Keith groaned, pretending to pound his head on the desk. “Everybody blames the sharks. You do realize that the chances of getting killed by a shark is like one in three million? You have a better chance of getting hit by lightning.”
“But, see, I don’t go out in storms, so my chances of dying either way is 0. Who wins now?”
“Not you.”
I cocked my head, confused. “How do you figure?”
“Because, Sam, everything that makes life worth living carries a risk. If you eliminate that, you might as well start collecting cats now.”
“I like cats,” I protested.
“I’m sure you do.”
He caught my eye and we smiled. I can’t overstate my surprise that Keith hadn’t already tired of our conversation. The truth was, people typically just looked right through me.
“Think about it, Sam. Is there any cooler way to die? I mean, like cancer would be a sad way to go, but getting trampled by the bulls in Spain – epic.”
“Or spontaneous combustion,” I added, rolling with the theme.
“Yes!” Out of nowhere, Keith high-fived me. It was the first time a guy outside my family unit had ever touched me, and my skin flushed accordingly. “That’s some gnarly shit there. You’re just hanging out watching a little TV when BAM – you frickin’ explode. That’s just all kinds of awesome.”
What the heck was happening here? Somehow I’d been witty enough to warrant the attention of a member of Pearl Beach High’s ruling class. Shannon would be proud.
Leaning in, Keith lowered his voice. “You want to hear my evil revenge plan?”

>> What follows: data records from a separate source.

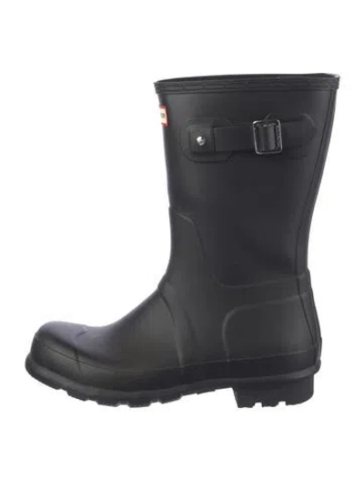 Hunter Rubber Mid-Calf Rain Boots Black Round-Toes | Hunter Rubber Rain Boots in Black, Men's 10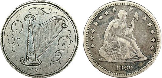 1860 25c US Seated Quarter Love Token Harp Pictorial - Joe
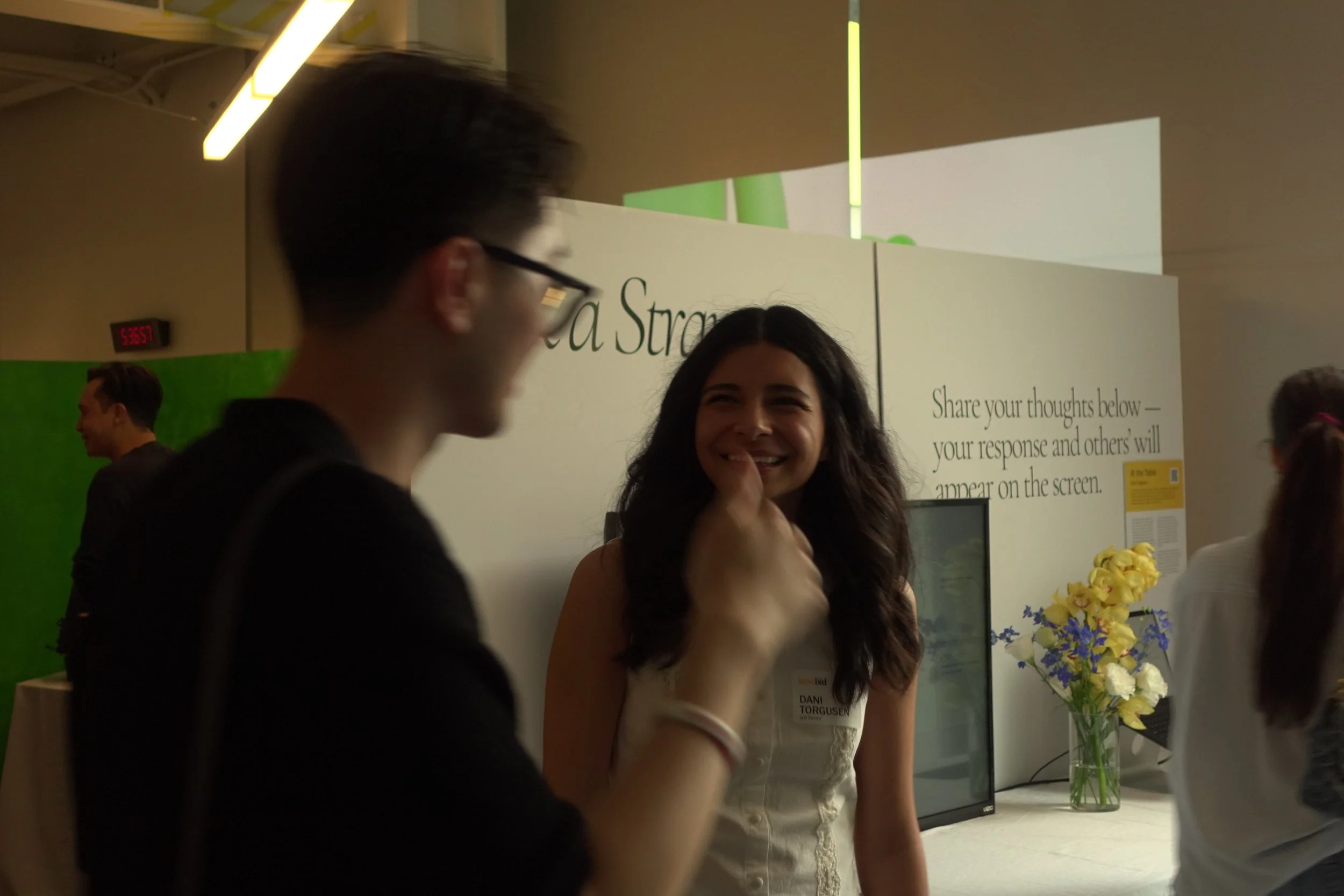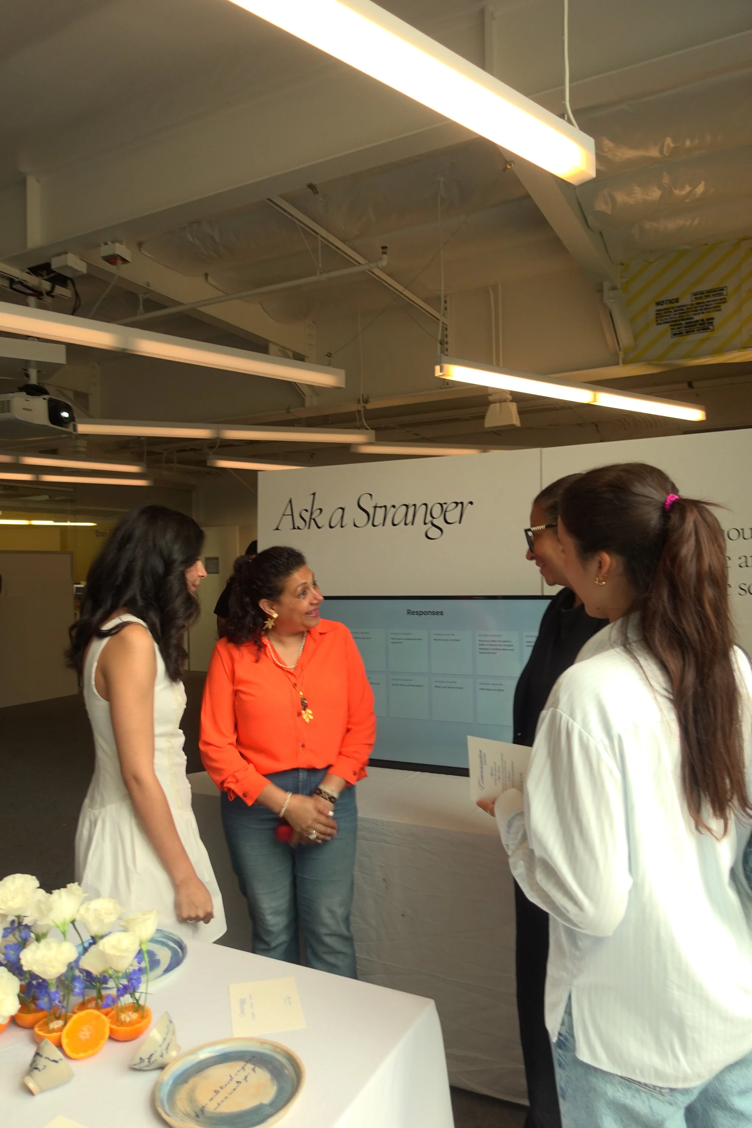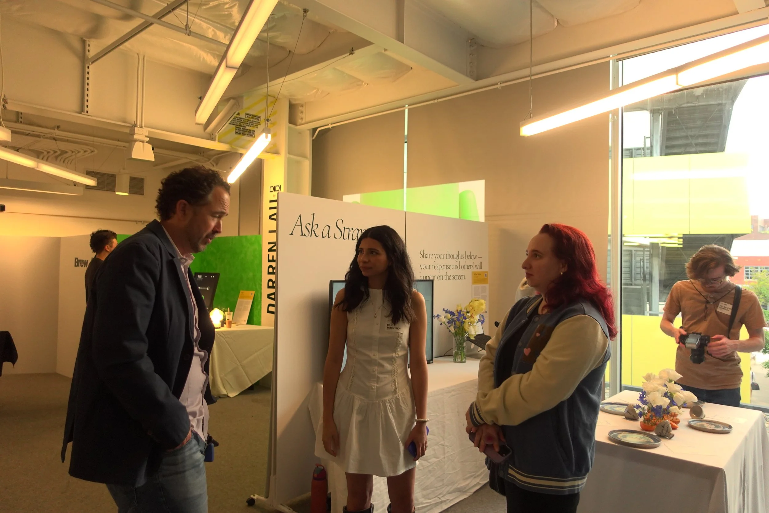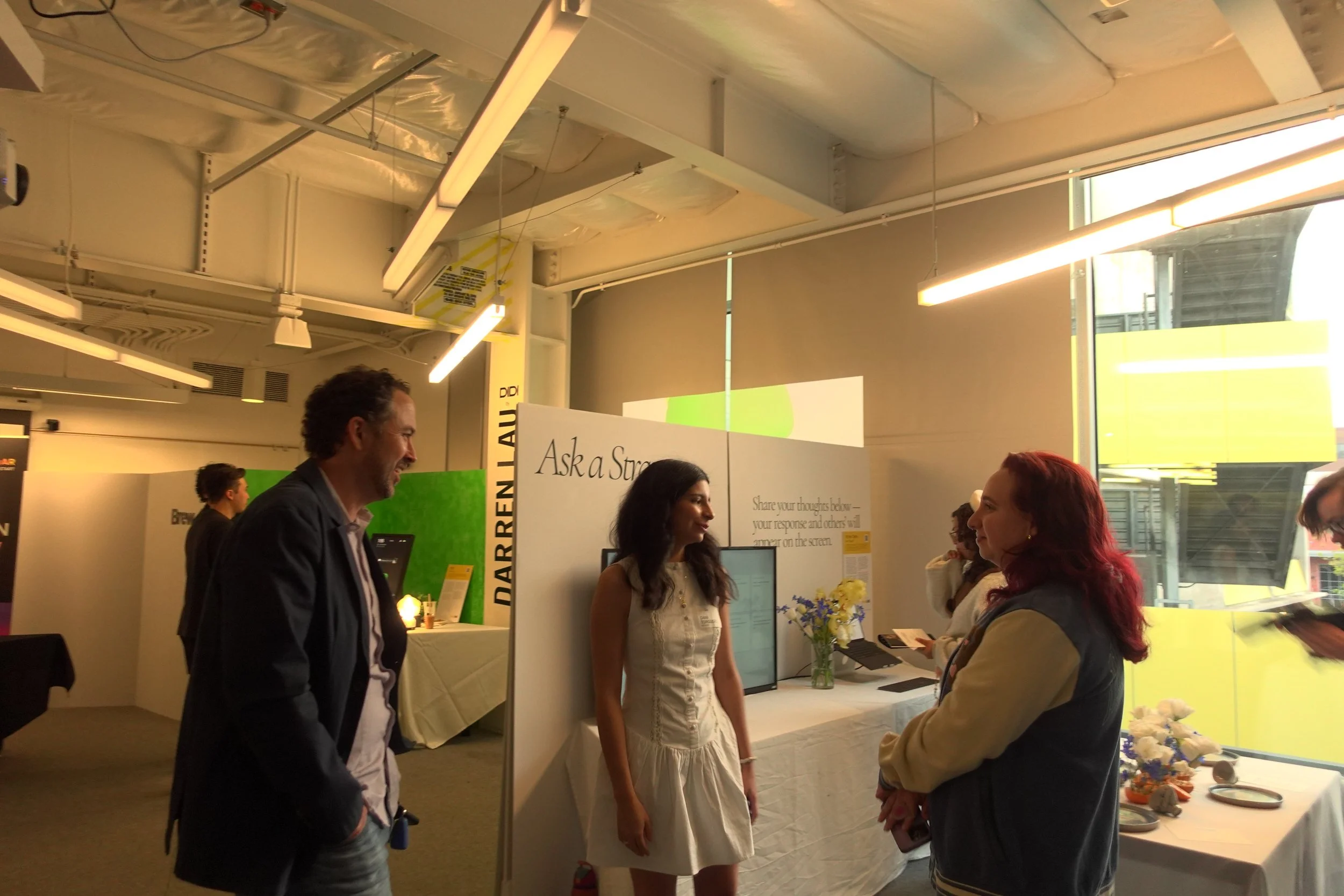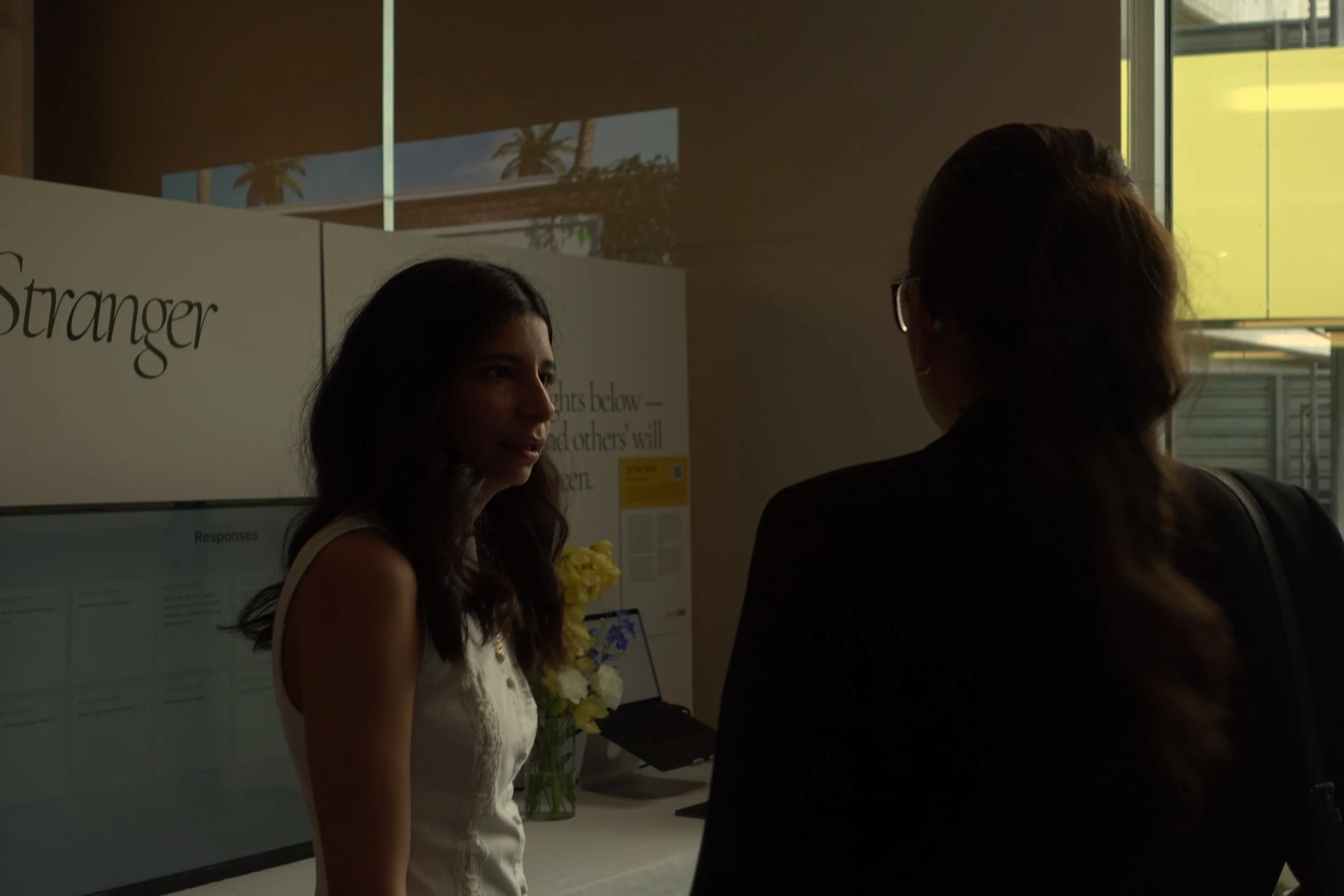 For the "Ask a Stranger" wall, I created a digital interface, allowing visitors to anonymously input answers to a singular prompt. These responses were projected in real time, creating a living collage of perspectives that echoed the project’s themes of openness and reciprocity.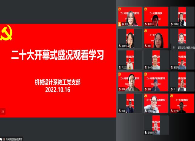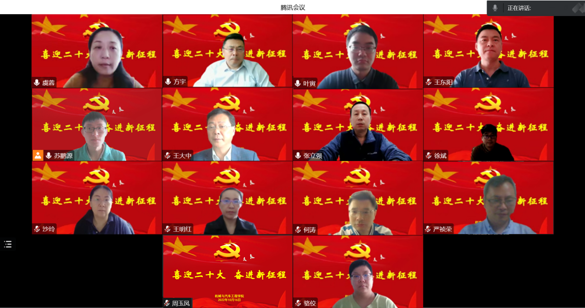 10月16日上午10点,PP电子游戏网站党委线上召开中心组专题学习,认真收看中国共产党第二十次全国代表大会开幕会。学院中心组全体成员、学院民盟盟员、九三学社会员等统战人员共同参会。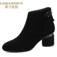 莱卡金顿 冬季靴子女高跟圆头短筒靴韩版百搭绒面时尚粗跟复古短靴 6564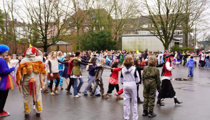 Am 12.02. stand auch das MCG ganz im Zeichen des Karnevals. Schon am Morgen strömten die Schüler:innen in fantasievollen Kostümen in die Schule – von bunten Clowns über Filmheld:innen bis hin zu kreativen Gruppenkostümen war alles vertreten. Auch ausgefallene Eigenkreationen sorgten für staunende Blicke. Die fröhliche Stimmung war in der Annostraße zu spüren, überall wurde gelacht, Musik gehört und gemeinsam getanzt. Viele Klassen dekorierten ihre Räume bunt mit Luftschlangen und Girlanden, was die Karnevalsstimmung noch verstärkte.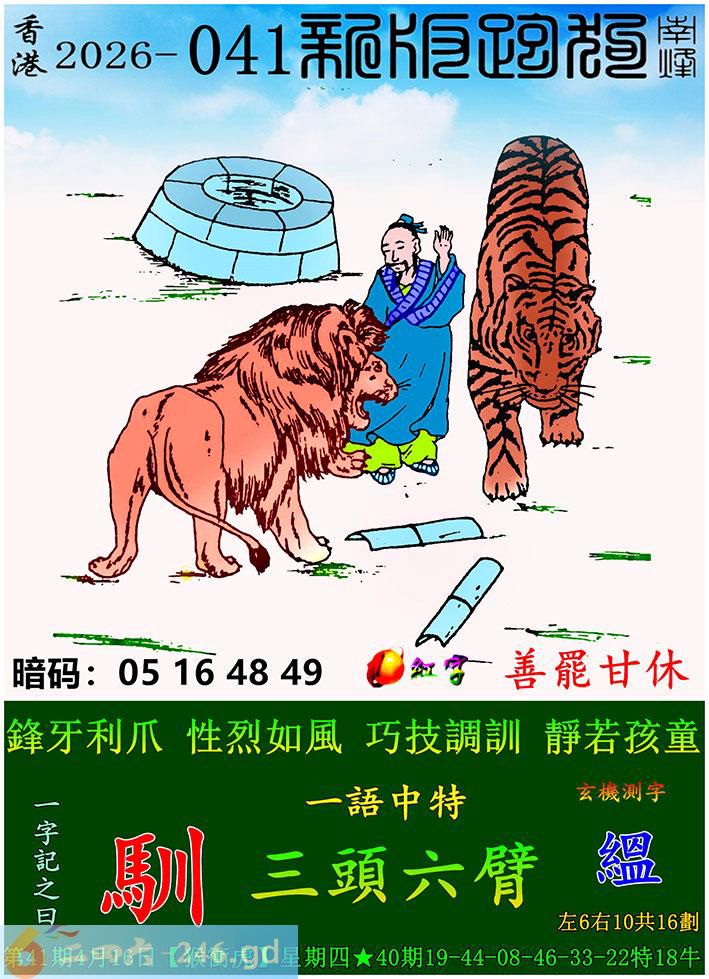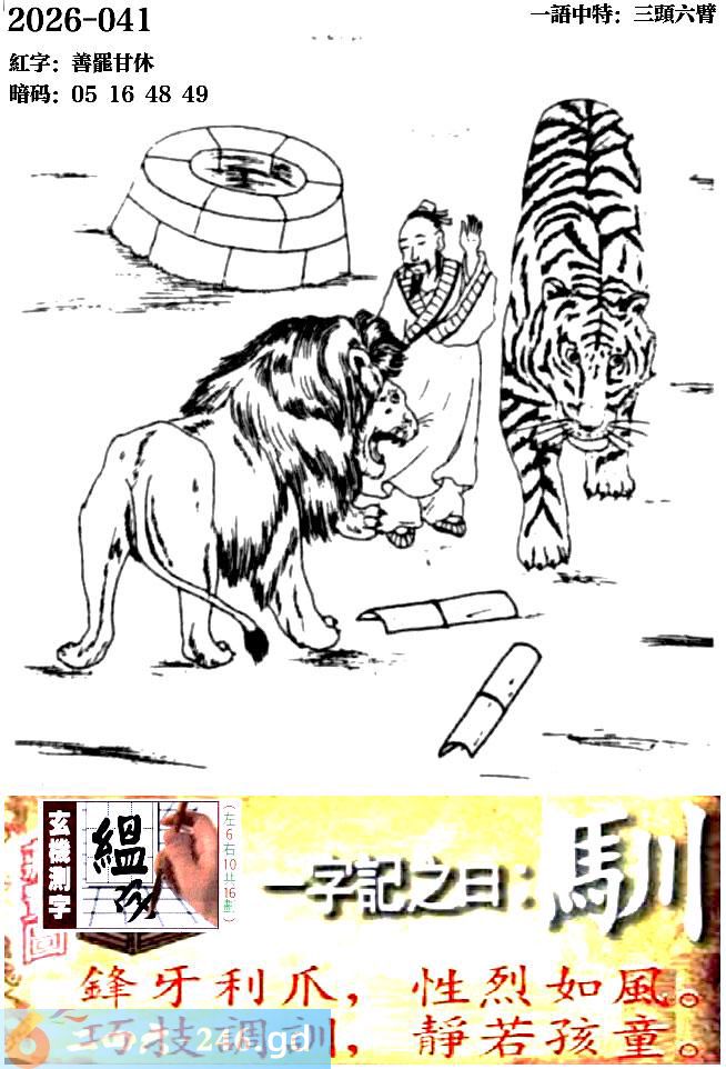 041期跑狗一字記之曰:【馴】 鋒牙利爪,性烈如風。 巧技調訓,靜若孩童。 玄機測字:《縕》 一語中特:三頭六臂

Oh, boy, did I ever! At this point, anything that came out of his mouth was gospel to me. Wide-eyed and rapt with interest, I nodded.
“If I get killed by a shark, I want a memorial bench erected in my name right next to a garbage can.”
That sounded like a horrible idea, but I encouraged him to continue with an awkward tilt of my head. “Why?”
“To make it easier for the seagulls to crap on people resting on my bench.”
Again, pretty terrible idea. So far, Keith’s evil revenge plan was going in the direction of the platypus story. “Why would you want that?”
“Because Sam…”
“Samantha.”
The way in which he completely ignored my earlier request told me he’d never be getting my name right. And while it usually annoyed the hell out of me when people shortened my name for their own convenience, when Keith did it, with just that little bit of snark, I honestly didn’t mind all that much.
“Whatever. Anyway, how do you get people to remember you after you die?”
Thinking about his question, I shrugged. No one would remember me if I died, so it was sort of a moot point. But for someone like Keith, yeah, I could see him inspiring a candlelight vigil in his honor.
“I have no idea,” I finally conceded.
His affecting smile slayed me. “Drop a little bird doo-doo on them. No matter how old you get, you’ll always remember where you were the first time a seagull crapped in your mouth.”
I choked out a laugh. It really was a brilliant way to be remembered. “The Keith McKallister Memorial Bench. I like it.”
He nodded, pleased his plan passed muster with me.
“Well, sadly there will be no memorial bench in my honor because, sharks aside, I don’t go in the ocean.”
“You can’t swim?”
“Actually, I’m a really good swimmer,” I said, before adding a series of completely irrelevant supporting facts. “I have long arms and a long torso. It’s a great combo for swimming.”